Most stringent constraint on Brans-Dicke parameter: ω₀ > 10^6

Two-year LISA observation can effectively test alternative gravity theories

Inclusion of monopolar and dipolar emissions significantly impacts waveform accuracy

Abstract

Intermediate/Extreme mass ratio inspiral (I/EMRI) system provides a good tool to test the nature of gravity in strong field. Based on the method of osculating orbits, we compute the orbital evolutions of I/EMRIs on quasi-elliptic orbits in both Einstein's general relativity and Brans-Dicke theory. The extra monopolar and dipolar channels in Brans-Dicke theory accelerate the orbital decay, so it is important to consider the effects of monopolar and dipolar emissions on the waveform.
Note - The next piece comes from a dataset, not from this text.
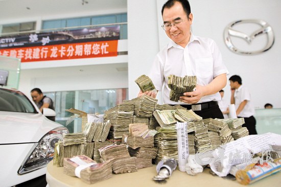 29日上午,在河南新宏源汽車銷售公司內(nèi),銷售經(jīng)理王先生告訴記者,張先生選中一款15.38萬元的轎車。28日下午,張先生來提車,“從車上搬下了十多箱零錢,說大概有10萬元,讓我們點(diǎn)點(diǎn)

With the help of accurate orbital motion, we generate waveform templates which include both monopolar and dipolar contributions for I/EMRIs on eccentric orbits in Brans-Dicke theory. With a two-year observation of gravitational waves emitted from I/EMRIs by LISA, we get the most stringent constraint on the Brans-Dicke coupling parameter $\omega_0>10^6$.